History and Description
Founded as the General Cemetery of All Souls, Kensal Green, the cemetery was incorporated in 1832 (the year that profit-making cemeteries became legal) as a private company. It was the first of the 'Magnificent Seven' garden-style cemeteries in London. Kensal Green Cemetery was consecrated on 24 January 1833 by the Bishop of London. The Church of England was allotted 39 acres and the remaining 15, clearly separated, were given over to Dissenters, a distinction deemed crucial at the time. Originally there was a division between the Dissenters’ part of the cemetery and the Anglican section. This took the form of a ‘sunk fence’ from the canal to the gate piers on the path. There were also decorative iron gates. The small area designated for non-Anglican burials is approximately oval in shape and was formerly made prominent by a wider central axis path that terminated with the neo-classical chapel with curved colonnades. The Anglican Chapel dominates the western section of the cemetery, being raised on a terrace beneath which is an extensive catacomb; there is a hydraulic catafalque for lowering coffins into the catacomb.

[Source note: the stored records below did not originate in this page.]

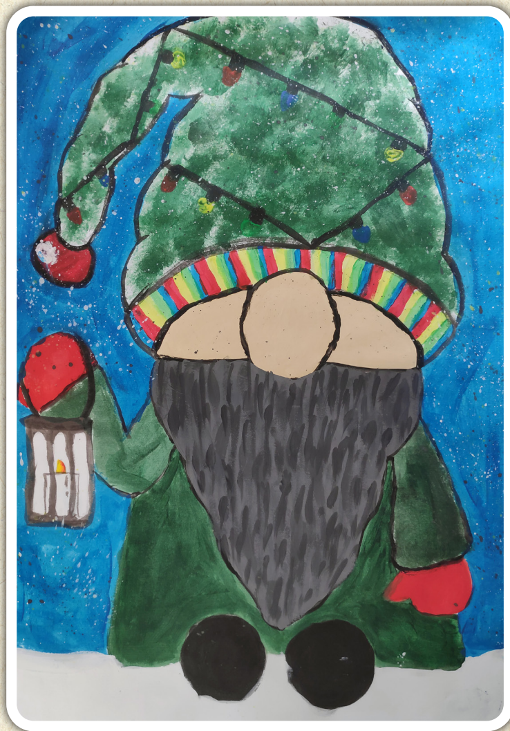
Ula Rozman, 5. a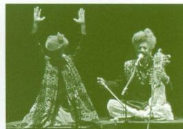
マハラジャ (インド) ジプシー発祥の地北インド・ラジャスターン出身のボーカルグループ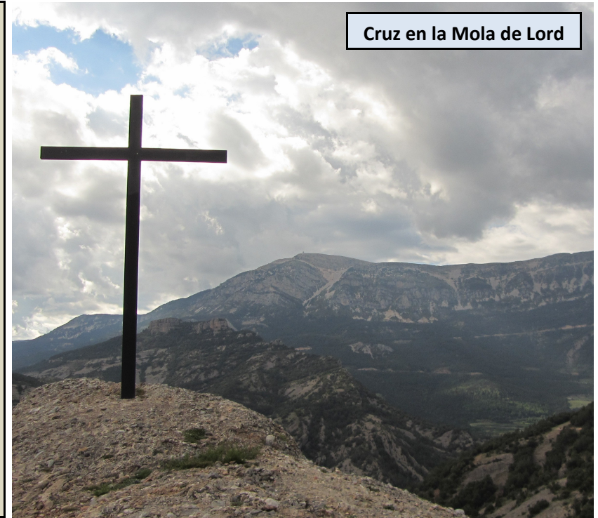
Cruz en la Mola de Lord

Descendemos unos metros hasta el Santuari de Lord, que tiene en su interior a la Mare de Déu de Lord, una imagen del siglo XVI. En la explanada que hay a la entrada del santuario hallamos indicaciones al Grau de Sallord, hacia donde nos dirigimos para completar la ruta circular. Iniciaremos el camino descendiendo por medio de llanos hacia el Sur, hasta llegar a un poste indicador. Aquí giraremos a la izquierda para dejar las explanadas y descender, de manera sencilla, por un camino que traza lazadas y pierde altura. En unos 10 minutos llegaremos a una curva, con una plaquita metálica en el suelo, que nos indica el desvío al mirador, al que nos dirigimos.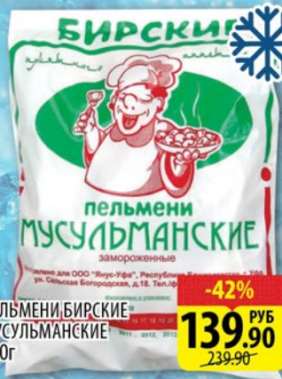
ПЕЛЬМЕНИ БИРСКИЕ- МУСУЛЬМАНСКИЕ 800г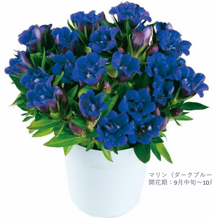
マリン（ダークブルー） 開花期：9月中旬～10月中旬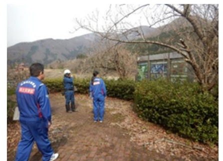
令和7年度の点検状況 （大川ダム管内若郷湖西公園）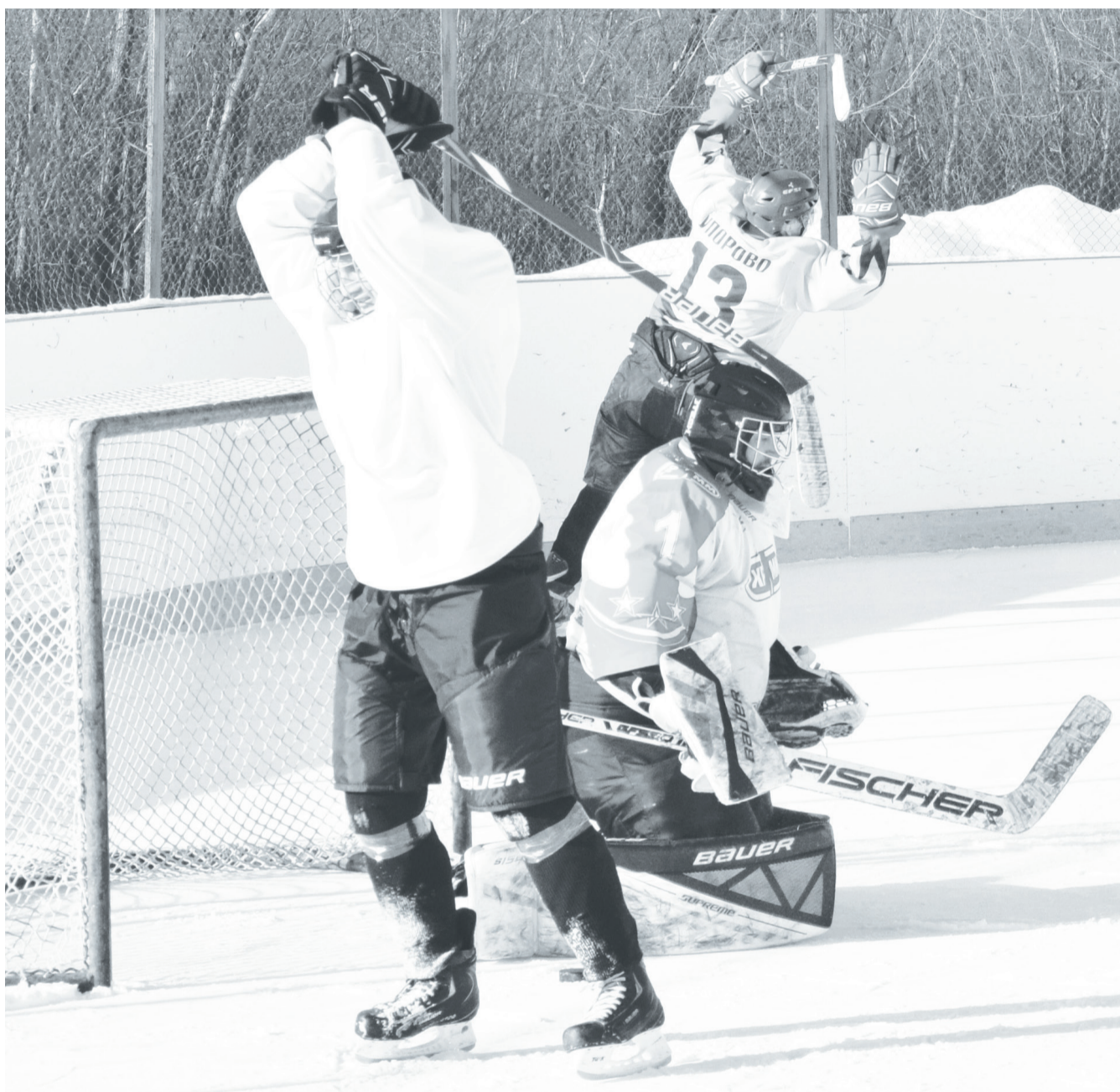
Раздосадованный пропущенным голом скородумский игрок пытается сломать игровой инвентарь.

The cemetery received its first funeral in January 1833. It is still in operation today; burials and cremations take place daily, although cremations are now more common than interments. Kensal Green Cemetery is still run by the General Cemetery Company under its original Act of Parliament. This mandates that bodies there may not be exhumed and cremated or the land sold for development. Once the cemetery has exhausted all its interment space and can no longer function as a cemetery, the mandate requires that it shall remain a memorial park. The General Cemetery Company constructed and runs the West London Crematorium within the grounds of Kensal Green Cemetery.
While borrowing from the ideals established at Père Lachaise Cemetery in Paris some years before, Kensal Green Cemetery contributed to the design and management basis for many cemetery projects throughout the British Empire of the time. In Australia, for example, The Necropolis at Rookwood (1868) and Waverley Cemetery (1877), both in Sydney, are noted for their use of the "gardenesque" landscape qualities and importantly self-sustaining management structures championed by the General Cemetery Company.
The cemetery is the burial site of approximately 250,000 individuals in 65,000 graves, including upwards of 500 members of the British nobility and 550 people listed in the Dictionary of National Biography. Many monuments, particularly the larger ones, lean precariously as they have settled over time on the underlying London clay.